17.2.19 the great nye ham debate

15 Replies to “Lutheran Creation Doctrine: The Verdict”

  1. Interesting post!

    That one statement from that guy about “God not being a jealous God” had me scratching my head a bit. You see it all over the Old Testament where they use that exact word, so I don’t know which Bible or version he’s reading. I personally believe that it’s used more as a literary tool to describe God’s anger when they turn to other idols- idols that demand human sacrifice- something which God has clearly stated that He finds devastating and has little patience for.

    But I’ve never seen anywhere in the Bible where God’s been duped. I’m up for reading that passage if you know specifically where it is.

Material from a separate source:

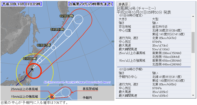 台風24号チャーミーが関東地方に接近するのは10/1(月)朝方と見られており、新幹線への影響がありそうななさそうな微妙な時間帯になりそうな状況でした。

    As for the age of the earth, as a Non-denominational Christian with Lutheran roots, I believe in young earth with about 1,500 years give or take. Looking at Jesus’ lineage in Luke, it give you a pretty solid list of ancestors that can give you a good estimation of passing time. The reason being why I say “1,500 years give or take,” we’re never told WHEN some of these people had children- and before the Flood, they could live up to 1,000 years or more themselves. After the nationwide flood, the atmosphere changed drastically, so I doubt there’s anyway we have slipped in more than 15,000 years because I think the ozone layer surrounding the earth would be in a lot different shape than it is now.

    I think both sides are so bent on proving their bias on how old the earth is that we both purposefully look over certain things or create theories that contradict our own beliefs along the way. When in reality, certain sciences and instruments are ever changing, and atheism’s values on evolution and Christianity’s values on young earth may never be concretely proven on either side.

    I openly admit that Christians are called to walk by faith and not by sight. This doesn’t mean we’re called to BLINDLY follow any esteemed guy who read the Bible 5 times, but to study something for ourselves- and if we can’t figure it out, then trust that God inevitably has it handled.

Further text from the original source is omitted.